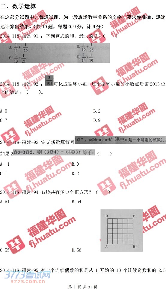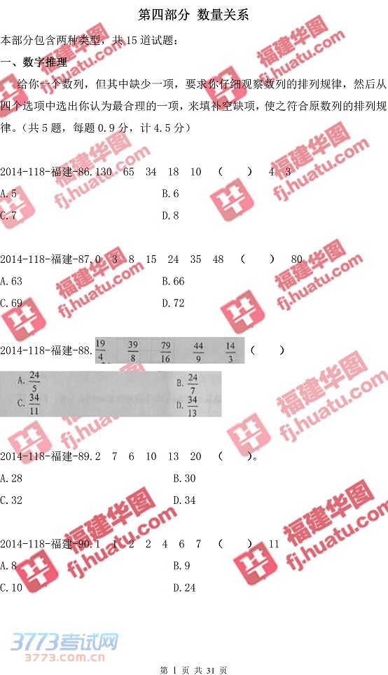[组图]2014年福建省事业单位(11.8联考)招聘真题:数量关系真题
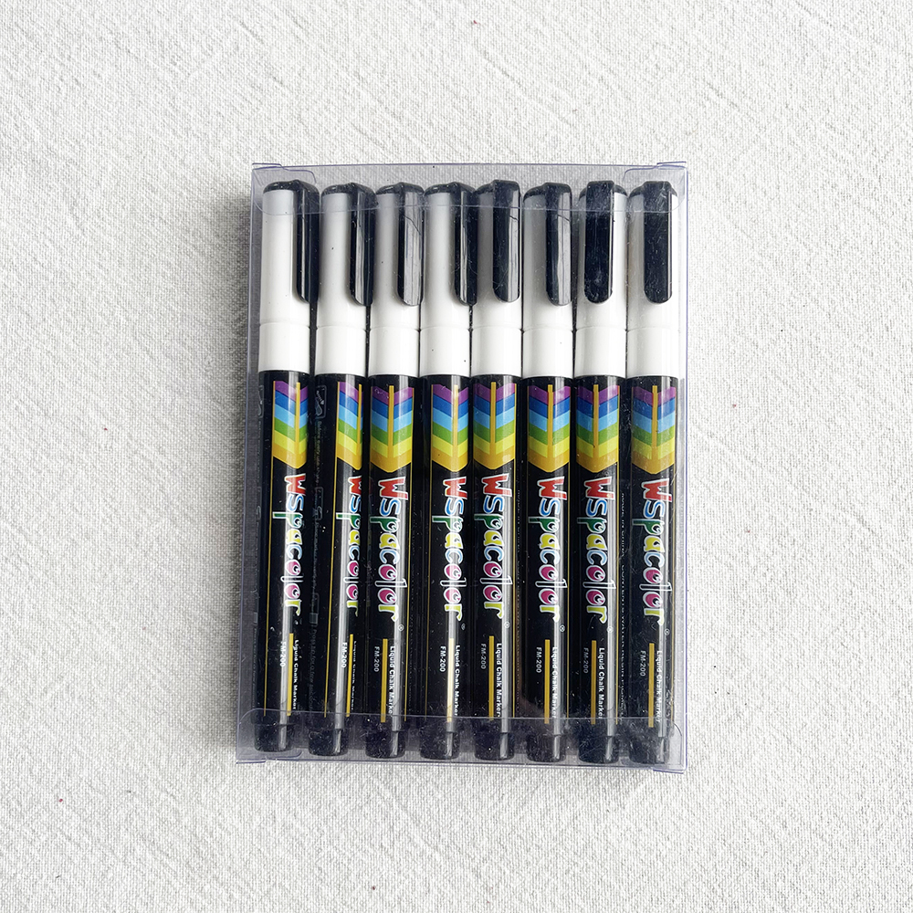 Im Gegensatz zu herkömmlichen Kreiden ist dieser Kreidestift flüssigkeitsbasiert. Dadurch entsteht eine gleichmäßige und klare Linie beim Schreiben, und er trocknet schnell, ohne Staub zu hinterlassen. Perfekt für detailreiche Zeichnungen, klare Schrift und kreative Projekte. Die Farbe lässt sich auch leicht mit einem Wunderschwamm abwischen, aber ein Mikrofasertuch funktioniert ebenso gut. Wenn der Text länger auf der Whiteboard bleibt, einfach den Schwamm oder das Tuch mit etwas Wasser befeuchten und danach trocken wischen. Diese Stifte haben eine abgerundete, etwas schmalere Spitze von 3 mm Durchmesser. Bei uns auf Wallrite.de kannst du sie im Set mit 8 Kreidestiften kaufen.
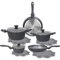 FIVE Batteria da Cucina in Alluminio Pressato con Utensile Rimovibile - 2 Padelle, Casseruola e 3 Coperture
-.-.-
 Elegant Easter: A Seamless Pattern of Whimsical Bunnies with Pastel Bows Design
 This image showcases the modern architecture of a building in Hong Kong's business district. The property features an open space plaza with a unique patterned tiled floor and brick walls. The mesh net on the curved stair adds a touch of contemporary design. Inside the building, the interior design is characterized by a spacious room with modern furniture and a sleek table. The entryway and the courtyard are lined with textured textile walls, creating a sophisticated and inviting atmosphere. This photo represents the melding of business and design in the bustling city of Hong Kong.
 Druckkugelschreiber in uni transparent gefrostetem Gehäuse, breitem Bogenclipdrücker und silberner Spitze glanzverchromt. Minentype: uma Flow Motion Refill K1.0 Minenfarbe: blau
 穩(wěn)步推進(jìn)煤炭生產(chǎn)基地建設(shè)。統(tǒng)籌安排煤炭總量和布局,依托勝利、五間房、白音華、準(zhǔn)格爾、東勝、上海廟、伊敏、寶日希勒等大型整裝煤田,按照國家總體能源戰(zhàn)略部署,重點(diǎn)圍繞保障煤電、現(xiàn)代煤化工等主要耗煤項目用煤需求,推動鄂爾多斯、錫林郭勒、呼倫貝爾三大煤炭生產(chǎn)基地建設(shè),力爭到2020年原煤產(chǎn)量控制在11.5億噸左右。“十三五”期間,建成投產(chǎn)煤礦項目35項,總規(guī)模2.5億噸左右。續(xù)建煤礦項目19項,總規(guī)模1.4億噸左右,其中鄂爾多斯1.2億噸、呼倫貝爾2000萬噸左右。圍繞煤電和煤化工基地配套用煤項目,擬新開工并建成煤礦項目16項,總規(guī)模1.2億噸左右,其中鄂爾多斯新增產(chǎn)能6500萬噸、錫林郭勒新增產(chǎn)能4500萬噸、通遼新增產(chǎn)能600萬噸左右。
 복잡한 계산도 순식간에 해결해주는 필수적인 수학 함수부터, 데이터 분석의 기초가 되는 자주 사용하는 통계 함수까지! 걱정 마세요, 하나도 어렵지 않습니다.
-.-.-
THE PROBLEM =>
Return every line in the records that includes the string "with".

REPLY =>
 Elegant Easter: A Seamless Pattern of Whimsical Bunnies with Pastel Bows Design
 This image showcases the modern architecture of a building in Hong Kong's business district. The property features an open space plaza with a unique patterned tiled floor and brick walls. The mesh net on the curved stair adds a touch of contemporary design. Inside the building, the interior design is characterized by a spacious room with modern furniture and a sleek table. The entryway and the courtyard are lined with textured textile walls, creating a sophisticated and inviting atmosphere. This photo represents the melding of business and design in the bustling city of Hong Kong.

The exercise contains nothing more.